Is Publishing Stuck in the Pre-Digital Era? Rethinking the "Book" as a Living System

We talk a lot about "AI-assisted writing" in the publishing world, but most of that discourse misses the point entirely. Everyone is focused on the creation side (the "AI writing books" trap), but nobody is talking about the systemic evolution of the publication itself.

Traditional publishing is fundamentally stuck in a linear, static model:

Author → Book → Reader

This model hasn't meaningfully changed since the printing press. Meanwhile, software development—a field that deals with complex knowledge and logic—evolved into a modular, collaborative, and iterative ecosystem decades ago.

Software gained:

  • Version Control: Tracking the evolution of thought.
  • Continuous Updates: Fixing errors and adding nuance without needing a new "edition."
  • Reproducibility: Providing the underlying data/code so readers can verify conclusions.
  • Audit Trails: Transparency on how a final position was reached.
  • Community Contributions: Allowing the "reader" to become an active participant in the knowledge base.

What if the "Book" became an Interface?

If we applied these software-native principles to publishing, the "book" ceases to be a static product. It becomes an open-source knowledge system.
Imagine a publication that is effectively a repository:

  1. The Narrative: The readable, human-facing content.
  2. The Evidence: Linked datasets, raw sources, and citation graphs.
  3. The Implementation: Jupyter notebooks, simulation models, or scripts that verify the claims.
  4. The Companion Agent: A specialized RAG (Retrieval-Augmented Generation) agent fine-tuned on the entire repository, allowing readers to "query" the work rather than just reading it.
  5. The Version History: A commit log showing how the arguments and data have shifted over time.
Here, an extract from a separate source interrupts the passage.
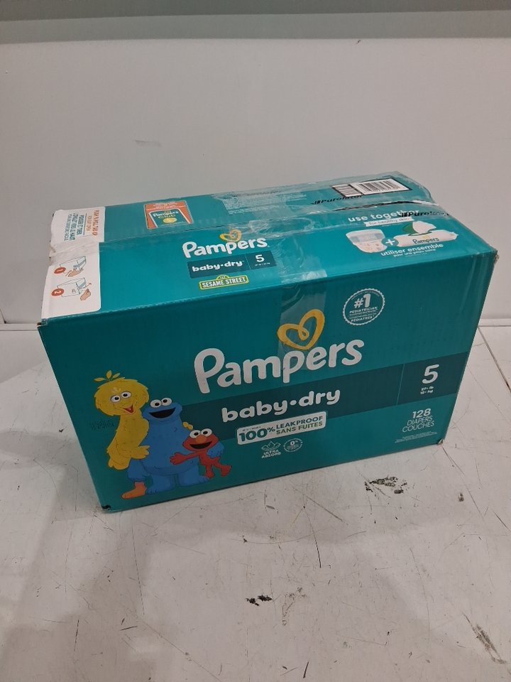 128PK PAMPERS BABY-DRY DISPOSABLE DIAPERS - SIZE 5 - 27+ LBS - SESAME STREET

In this world, the book is just the interface for a dynamic, living system of information.

The Discussion

We are at a transition point where publishing can finally shed its physical-world constraints. But we have to be careful about what we import from the software world.

I want to open this up to the sub:

  • What should we adopt? Which software development workflows would actually make non-fiction, research, and technical publishing more useful and robust?
  • What should we reject? Where does the "software" metaphor break down? What essential qualities of a "book" are destroyed if we treat it purely like code?

Curious to hear your thoughts on how we bridge this gap. Are we building the next generation of knowledge systems, or just making over-complicated PDFs?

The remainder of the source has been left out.